Other prominent conductors of the romantic period were the composers Meyerbeer and Spontini.
It is possible to reconstruct a picture of Hector Berlioz as conductor from his own words. In his little book on the “Orchestral Conductor” he says: “The orchestral conductor should see and hear; he should be active and vigorous, should know the composition and the nature and compass of the instruments, should be able to read the score, and possess—besides the especial talent of which we shall presently endeavor to explain the constituent qualities—other indefinable gifts, without which an invisible link cannot establish itself between him and those he directs; otherwise the faculty of transmitting to them his feeling is denied him, and power, empire, and guiding influence completely fail him. He is then no longer a conductor, a director, but a simple beater of the time—supposing he knows how to beat it, and divide it, regularly.”
“The performers should feel that he feels, comprehends, and is moved; then his emotion communicates itself to those whom he directs, his inward fire warms them, his electric glow animates them, his force of impulse excites them; he throws around him the vital irradiations of musical art. If he is inert and frozen, on the contrary, he paralyzes all about him, like those floating masses of the polar seas, the approach of which is sensed through the sudden cooling of the atmosphere.”
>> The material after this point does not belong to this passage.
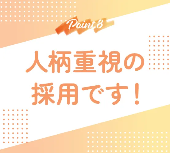 意欲やお人柄を重視した採用です!仕事内容や働き方など、入社前に気になるポイントは面接で何でも聞いてくださいね。

“His task is a complicated one. He has not only to conduct, in the spirit of the author’s intentions, a work with which the performers have already become acquainted, but he must also introduce new compositions and help the performers to master them. He has to criticise the errors and defects of each during the rehearsals, and to organize the resources at his disposal in such a way as to make the best use he can of them with the utmost promptitude; for, in the majority of European cities nowadays, musical artisanship is so ill distributed, performers so ill paid and the necessity of study so little understood, that economy of time should be reckoned among the most imperative requisites of the orchestral conductor’s art.”
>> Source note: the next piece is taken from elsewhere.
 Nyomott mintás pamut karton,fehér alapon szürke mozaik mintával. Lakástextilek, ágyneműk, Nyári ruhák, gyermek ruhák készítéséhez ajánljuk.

Franz Liszt’s position as composer is too well known to require further elucidation here, but Wagner’s description of his future father-in-law’s conducting is certainly worth quoting. Wagner, passing through Weimar in his flight from the governmental authorities, had an opportunity to attend one of Liszt’s rehearsals of “Tannhäuser.” He tells us: “What I felt when I created this music, he felt in his performance of it; what I wanted to say as I wrote it down, he said in bringing it to performance.” In the directions attached to the scores of his Symphonic Poems, Liszt gives an interesting picture of his ideas on conducting:
“A performance of my orchestral works which measures up to the standard and intentions of the composer and that will give them the proper tone color, rhythm and life, can best be brought about by preliminary sectional rehearsals. With this in mind I respectfully request of the esteemed conductors who intend to perform my symphonic works that they precede the general rehearsal with separate rehearsals for the strings, wood-wind, brass, etc.”
“At the same time I would like to remark that the usual mechanical, cut and dried performance (customary in many cities) be avoided and in its place the ‘new period’ style which stresses proper accentuation, the rounding off of melodic and rhythmical nuances be substituted. The life-nerve of a symphonic production rests in the conductor’s spiritual and intellectual conception of the composition, it being assumed, of course, that the orchestra possesses the necessary powers to realize this conception. Should the latter condition be absent, I recommend that my works be left unperformed.”
“Although I have tried through exact markings of the dynamics, the accelerations and slowing up of the tempo, to clearly indicate my wishes, I must confess that much, even that which is of the greatest importance cannot be expressed on paper. Only a complete artistic equipment on the part of the conductor and players, as well as a sympathetic and spiritually enlivened performance can bring my works to their proper effect.”
It was Liszt’s desire to free the performance of orchestral and choral works from the limitations of bar line rhythm and to effect this change his style of conducting became a sort of modern chironomy in which his gestures expressed the “melos” and underlying spirit of the composition as well as fulfilling their mechanical function.
From Liszt we easily trace the line of growth in the art of conducting to Richard Wagner, and interestingly enough, with Richard Wagner the great line of composer-conductors stops.
In this day and generation the ever increasing tendency of specialization has brought about an almost complete separation of creative activity from executive activity. Even in the 18th and early 19th century the virtuoso who travelled around was principally a composer who played his own works. The conductor, player, or singer who performs only the works of others is a modern product and was completely unknown until recently.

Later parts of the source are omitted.